In 2010, when the WikiLeaks scandal broke, a group of friends gathered together at Bitly Inc in New York to try to bring order to the chaotic mess of data WikiLeaks had unleashed.
They used a simple code to extract dates and locations from about 77,000 unclassified reports from both simple stop-and-search operations and battles. This revealed unexpected hot spots: the Pakistani border, and the country’s main highway, which had experienced a series of violent outbreaks.
Recent advances in big data technologies have shown that we’re close to being able to predict exactly when a battle will break out. However there’s one thing that will stymie advances in this field: the inherent unpredictability of humans.

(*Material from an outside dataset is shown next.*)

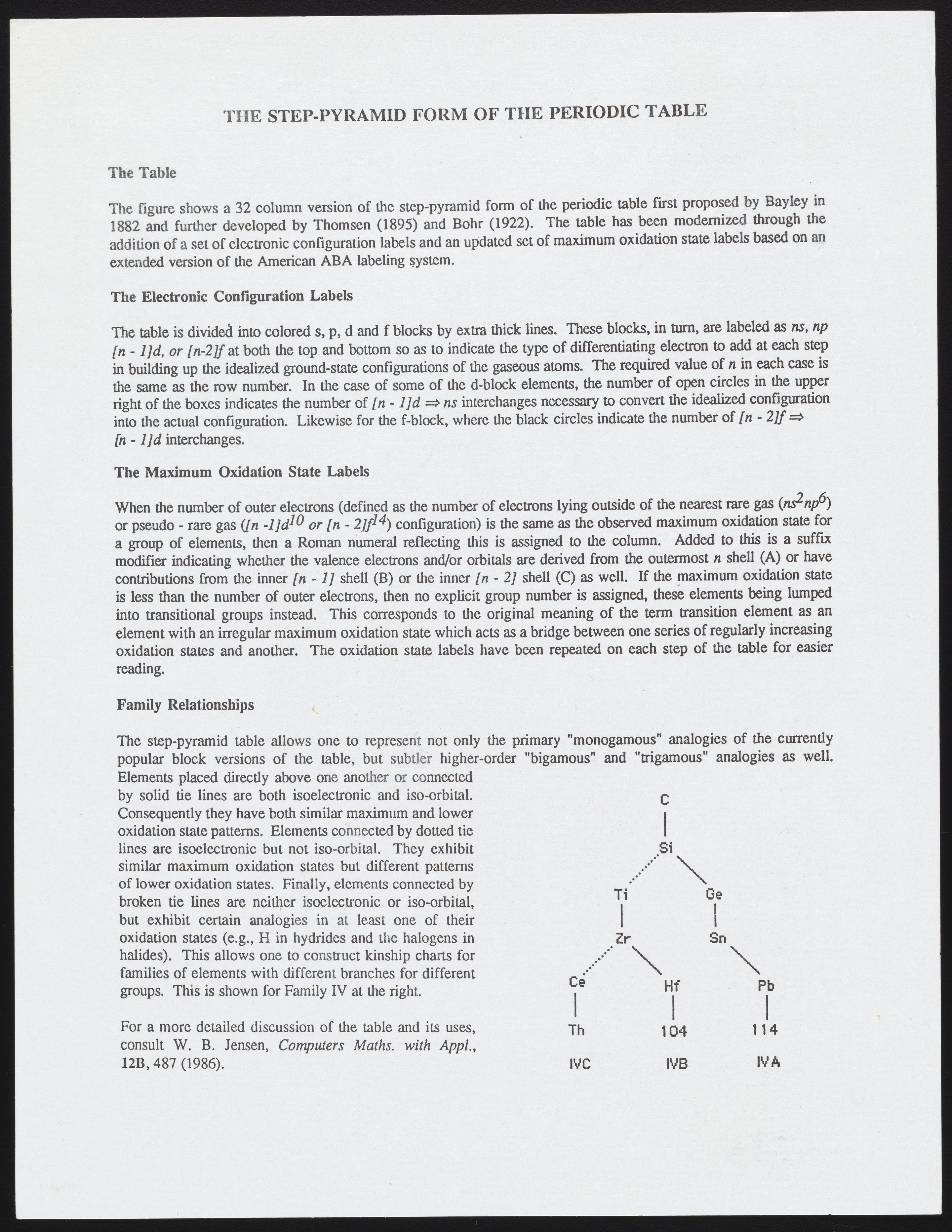 Jensen, William B. “The Step-Pyramid Form of the Periodic Chart.” Cheltenham (Township), Pennsylvania: Instruments for Research and Industry, 1987. Periodic Tables Collection, Box FC-5, Folder Periodic Tables (Assorted). Science History Institute. Philadelphia. https://digital.sciencehistory.org/works/6t053g96s.

This year, when big data became a buzzword, the team reunited at Bitly’s offices to give the project another shot. This time, they teamed up with the brightest mathematical minds for a more audacious goal: a war zone prediction model. The researchers found a general pattern to the violence in Afghanistan, using it to determine whether an uprising would take place in each province, and its level of intensity.
The model worked with surprising accuracy and didn’t fail even when President Obama changed the rules of the game by sending in 30,000 additional troops.
The project, the results of which were published online by the Proceedings of the National Academy of Sciences in July, is just one small part of a growing movement to anticipate episodes of armed conflict using algorithmic computational techniques. Still, we have a long road ahead of us before this data is turned into actionable intelligence — a matter of life or death on the battlefield.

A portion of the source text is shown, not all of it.